The aggregate assignment is certainly more concise, expresses the will of the programmer clearly, and may possibly execute faster. Suppose now that A were to be initialized such that its first 5 elements were as above, but the other 95 were to be 0. The assignment

    A := ( 1.0, 27.0, 35.0, -4.0, 15.0, OTHERS => 0.0);

does the trick. The OTHERS clause informs the compiler to store 0s in all those elements not expressly listed in the aggregate. If, say, only the first, third, and fifth elements were nonzero, named association could be used:

    A := ( 1 => 1.0, 3 => 27.0, 5 => 35.0, OTHERS => 0.0);

Finally, the assignment

    A := ( OTHERS => 0.0);

fills the entire array with 0s even more concisely: Because no other elements were explicitly filled, the OTHERS applies to all elements.
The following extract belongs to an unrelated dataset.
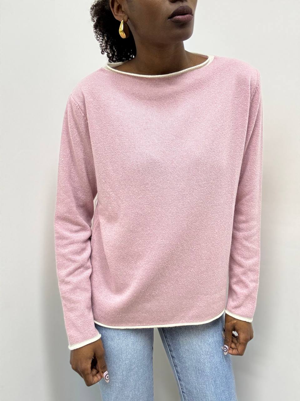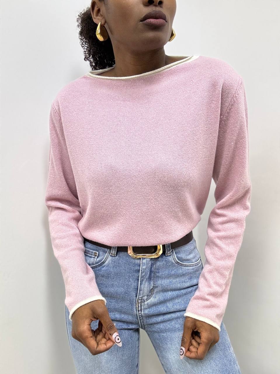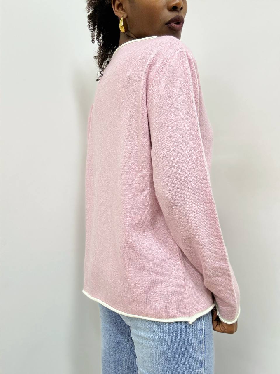 Maglioncino a girocollo realizzato in morbida maglia, caratterizzato da raffinati bordi bianchi a contrasto che decorano il collo, i polsini e l’orlo inferiore. Il design pulito ed essenziale è valorizzato dai dettagli a contrasto, che donano al capo un tocco moderno e ricercato. Confortevole e facile da indossare, è ideale per completare look casual-chic o per aggiungere un elemento di stile a outfit più curati.

It is important to remember in using an aggregate that all elements of the array must be initialized by the aggregate; otherwise a compilation error results. OTHERS initializes all elements not otherwise given.

Exercises for Section 8.5

Self-Check

What is the difference between the expressions X3 and X( 3)?
For the following declarations, how many memory cells are reserved for data and what type of data can be stored there?
```
TYPE AnArray IS ARRAY( 1..5) OF Character;
Grades : AnArray;
```
When is the memory allocated--after the type declaration or after the variable declaration?
Write the variable and type declarations for all of the valid arrays below:
a. Subscript type Boolean, element type Float
b. Subscript type 'A'..'F', element type Integer
c. Subscript type Character, element type Boolean
d. Subscript type Integer, element type Float
e. Subscript type Character, element type Float
f. Subscript type Float, element type Character
g. Subscript type Day (enumeration type), element type Float

Programming

Given the following declarations:
```
A: ARRAY(1..5) OF Integer;
B: ARRAY(1..5) OF Integer;
C, D: ARRAY(1..5) OF Integer;

TYPE List IS ARRAY (1..5) OF Integer;

E: List;
F: List;
G, H: List;
```
Explain why each of the following statements is valid or invalid:
```
A := B;
C := D;
E := F;
G := H;
```
Check your results by writing and compiling a brief program incorporating these statements.